If Trump asks police agencies to perform immigration checks along the lines of the Arizona law, participation would have to be voluntary, because the federal government cannot coerce local governments to do its work, constitutional law scholars say.
The funding component of Trump’s executive orders, which involves withholding federal funds to so-called sanctuary cities, could face legal hurdles, because courts could view it as an underhanded way to force cooperation, said Hiroshi Motomura, an immigration scholar and professor at UCLA School of Law.
“If the LAPD doesn’t want to be involved in immigration checks, the feds can’t force the LAPD to do that,” Motomura said.
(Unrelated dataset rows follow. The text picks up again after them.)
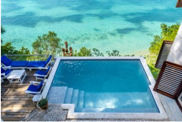
Pool with panoramic views

Full gallery: https://media.bluefieldsvillas.com/providence-house
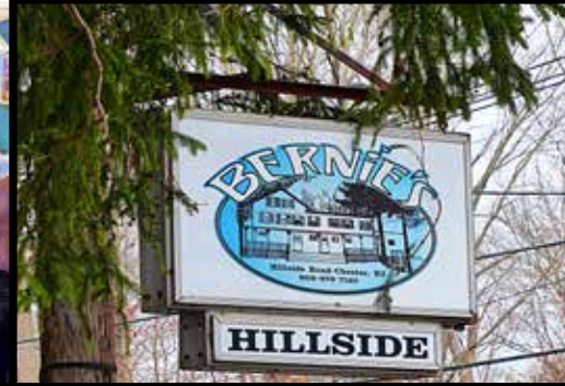
The CHS Holiday party was held at the historic Bernie's Hillside, previously the Depot House and the Anthracite Hotel.
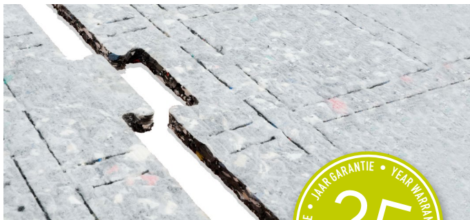
Puzzle shaped sheets with expansion slots
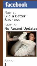
Bild a Better Business
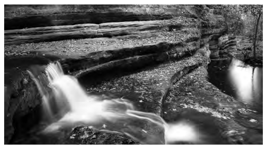
A 3.2-mile trail system provides visitors with picturesque overviews of a forested canyon at Matthiessen State Park in LaSalle County. Pictured is an area called Giant's Bathtub.

DNR is the lead state agency for water resources planning, navigation, floodplain management, the National Flood Insurance Program and interstate organizations on water resources. Interagency duties include the state water plan, drought response, flood emergency situation reports and the comprehensive review of Illinois water use laws. The Office of Water Resources regulates construction in the floodways of rivers, lakes and streams as well as public bodies of water and the shore waters of Lake Michigan; construction and operation of dams; diversion of water from Lake Michigan; and withdrawal of water from Lake Shelbyville, Carlyle Lake and Rend Lake. The primary capital activity of the office is to reduce urban flood damage.
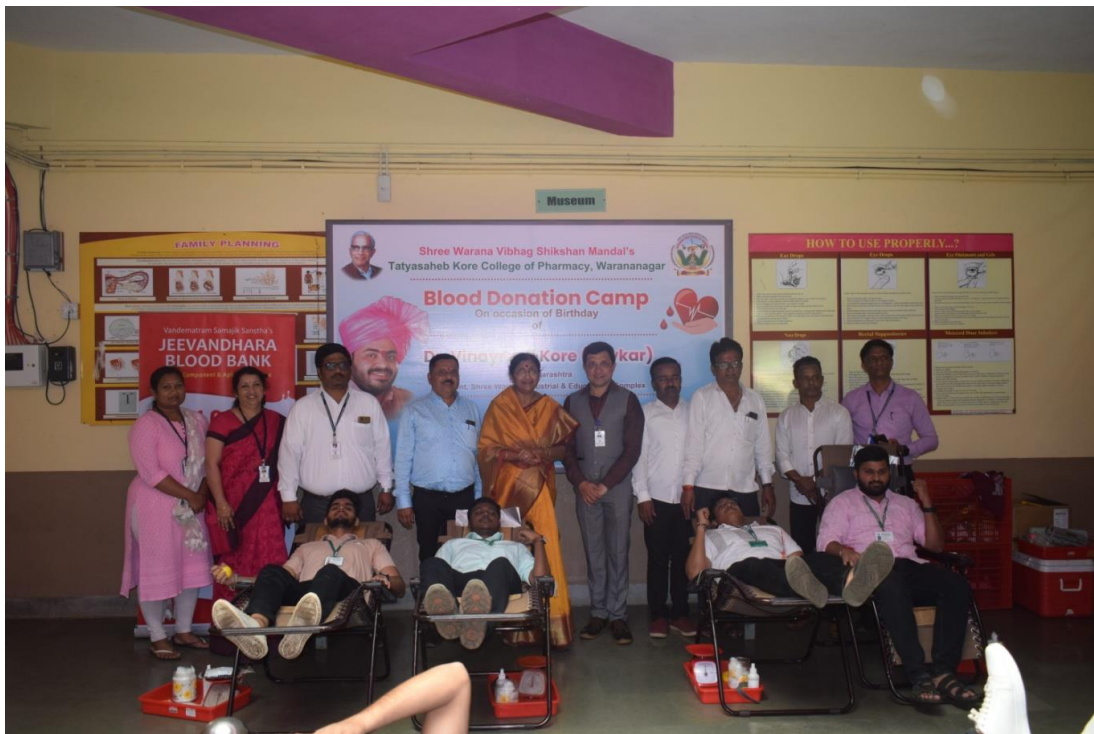
Blood donation camp (04/10/2022)
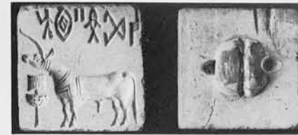
Typical Indus seal (left) and a circular seal from Bahrein, both found at Lothal. They are of steatite.

The principal exports of Lothal were ivory, shell inlays and ornaments, beads of gemstones and steatite, and, perhaps, cotton and cotton goods. Bhal, the alluvial flat where Lothal is situated, has long been famous for its cotton. The Kathiawar coast abounds in conch shell. The raw material and rejected pieces of shell found in the factories outnumber the finished products, suggesting that shell was worked for export. Lothal was also an important center for ivory-working. That elephants were reared here is in-
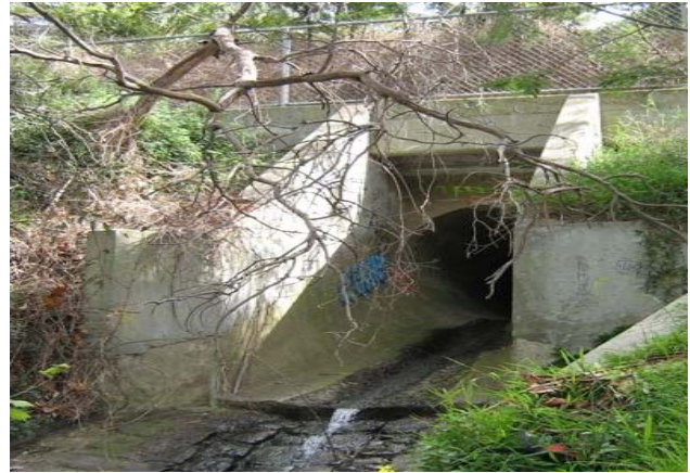
Urban storm water site examined using MST suite in the recent Smart Water Fund study.
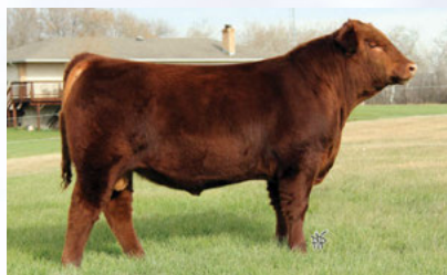
Sakic X Bayberry 1Z

$9,000 high selling daughter at Keystone Classic
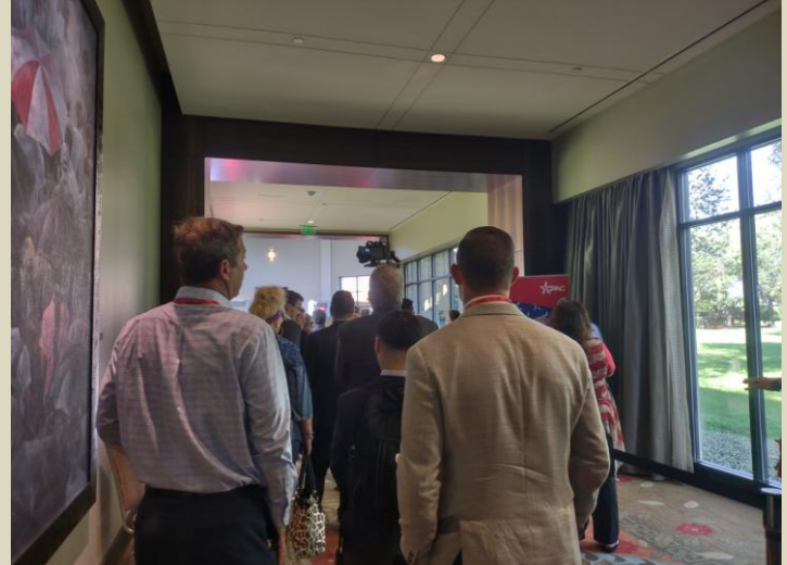
The brothers were standing behind Bo Hines (the Republican nominee for the United States House of Representatives in North Carolina's 13th congressional district)

Still, the specter of police officers checking residents’ legal status has stirred anxiety among some immigrants.
At roll calls, Capt. Martin Baeza of the LAPD’s Hollenbeck Division has been reiterating to his officers that their job is enforcing state laws, not federal immigration laws.
At community meetings, he tries to tamp down fears, answering questions that included one about whether internment camps, such as those used to imprison Japanese Americans during World War II, might arise again.
“I completely understand the anxiety that our community is having, because I’ve lived that as a child,” said Baeza, who came to the U.S. from Mexico when he was 2.
Baeza’s parents had green cards, but they still viewed the police with fear. His parents would tell him not to get into trouble and not to have anything to do with the police, he recalled.
After the presidential election, the LAPD’s Central Division, which includes Hollenbeck, held a series of community meetings to reassure immigrants that police officers are there to help them, not deport them.
But comforting words can only go so far when people fear being separated from their families and livelihoods.
At a community meeting in South Los Angeles on Thursday night, a man asked if he could be deported for a traffic ticket. LAPD Officer Marcela Garcia assured him that would not happen.
Inglewood Police Officer Chris Beckman said that when he investigated sex crimes, he had a hard time getting some Spanish-speaking victims to come forward because they feared being deported.
If police officers do take a role in immigration enforcement, some victims “are not going to want to deal with the police whatsoever,” Beckman said.
Some police officers and sheriff’s deputies said that if their bosses tell them to ask people about immigration status, they will have to obey the orders.
But Duarte, the LAPD officer in Northeast, said he would “flat out just refuse.” He plans to retire next year and has little to lose.
“At this point in my career, I’d take whatever consequence came down the pipe,” he said. “So what? Go ahead and suspend me for 10 days. I’m not going to do it.”